Transcribe exactly the lines below that begin at the line with "Затем наступил самый" and stop after the line with "Issuu.com 是一个时", leaving out every picture.

### [Dataset content]
>>>>

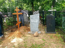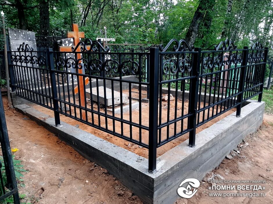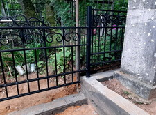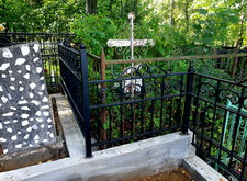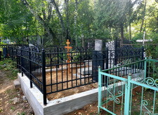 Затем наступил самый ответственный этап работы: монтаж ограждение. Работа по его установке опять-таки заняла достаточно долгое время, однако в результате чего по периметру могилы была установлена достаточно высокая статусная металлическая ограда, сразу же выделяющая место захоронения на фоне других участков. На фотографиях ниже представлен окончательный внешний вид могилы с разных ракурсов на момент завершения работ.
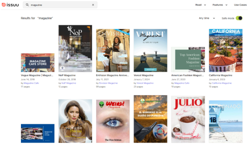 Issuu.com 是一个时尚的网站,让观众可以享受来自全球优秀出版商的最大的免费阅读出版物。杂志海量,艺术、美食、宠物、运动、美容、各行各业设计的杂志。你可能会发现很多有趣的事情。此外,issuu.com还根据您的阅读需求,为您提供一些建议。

<<<<
>>>>

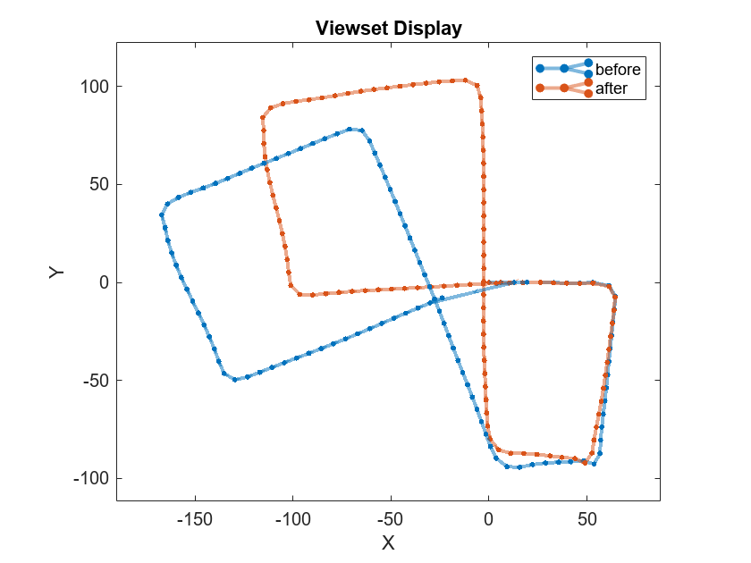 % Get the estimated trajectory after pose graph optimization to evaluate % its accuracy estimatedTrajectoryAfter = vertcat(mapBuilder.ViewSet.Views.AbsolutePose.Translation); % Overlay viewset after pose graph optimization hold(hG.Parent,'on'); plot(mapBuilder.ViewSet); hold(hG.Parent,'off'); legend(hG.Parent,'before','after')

<<<<

### [Answer area]
 Затем наступил самый ответственный этап работы: монтаж ограждение. Работа по его установке опять-таки заняла достаточно долгое время, однако в результате чего по периметру могилы была установлена достаточно высокая статусная металлическая ограда, сразу же выделяющая место захоронения на фоне других участков. На фотографиях ниже представлен окончательный внешний вид могилы с разных ракурсов на момент завершения работ.
 Issuu.com 是一个时尚的网站,让观众可以享受来自全球优秀出版商的最大的免费阅读出版物。杂志海量,艺术、美食、宠物、运动、美容、各行各业设计的杂志。你可能会发现很多有趣的事情。此外,issuu.com还根据您的阅读需求,为您提供一些建议。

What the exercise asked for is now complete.